Esto es importante porque así protegen precisamente los puntos más vulnerables del
organismo, esto es, las puertas de entrada al mismo, como son ojos, boca, aparato
digestivo, sistema respiratorio, vagina, etc. No olvidemos que, por ejemplo, si
desplegamos la mucosa del aparato respiratorio, la superficie que cubriríamos sería de
unos 300 m2, superficie que se encuentra en contacto directo con el exterior a través del
aire que se respira. Se deduce de ello que, sin duda, deben ser importantes los mecanismos
de defensa local, entre los cuales la IgA tiene un papel esencial.
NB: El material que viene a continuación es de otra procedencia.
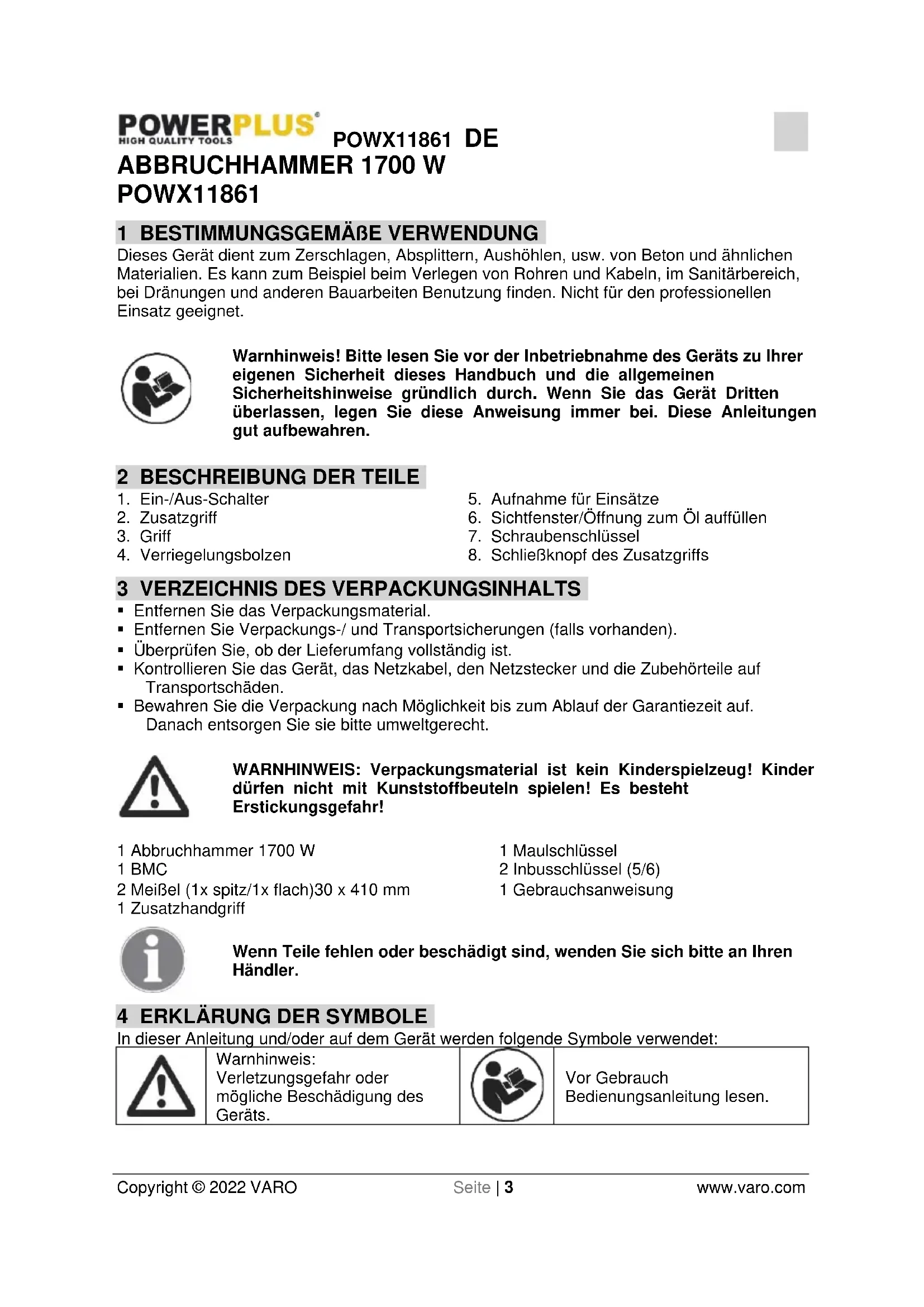 Copyright © 2022 VARO Seite | 3 www.varo.com ABBRUCHHAMMER 1700 W POWX11861 1 BESTIMMUNGSGEMÄßE VERWENDUNG Dieses Gerät dient zum Zerschlagen, Absplittern, Aushöhlen, usw. von Beton und ähnlichen Materialien. Es kann zum Beispiel beim Verlegen von Rohren und Kabeln, im Sanitärbereich, bei Dränungen und anderen Bauarbeiten Benutzung finden. Nicht für den professionellen Einsatz geeignet. Warnhinweis! Bitte lesen Sie vor der Inbetriebnahme des Geräts zu Ihrer eigenen Sicherheit dieses Handbuch und die allgemeinen Sicherheitshinweise gründlich durch. Wenn Sie das Gerät Dritten überlassen, legen Sie diese Anweisung immer bei. Diese Anleitungen gut aufbewahren.

Esta inmunoglobulina se
encuentra también en la leche materna.
Los niveles de todas las inmunoglobulinas, a excepción de la IgG en recién nacidos son
muy bajos, siendo por tanto de gran significación el hecho de que la IgA se transfiera
desde la madre al lactante a través de la lactancia. De ahí que tengamos que insistir en
que los niños se amamanten en el mayor número posible directamente por las madres y
no con leche de otros orígenes. La IgA recibida de la madre ejerce un importante papel
de defensa a nivel de todo el aparato digestivo. En ello parece que influyen las especiales
características de pH gástrico del lactante que es menos ácido que en el adulto y permite
que la IgA no sea degradada en el estómago.
Inmunoglobulina D
La concentración de esta inmunoglobulina en suero es muy baja. Hasta fechas muy
recientes no se ha conocido su función aunque según los datos existentes colabora de
forma importante en la activación de linfocitos B al actuar como receptor en la superficie
de los mismos.
Inmunoglobulina E
En muchos individuos alérgicos esta inmunoglobulina se presenta en grandes cantidades.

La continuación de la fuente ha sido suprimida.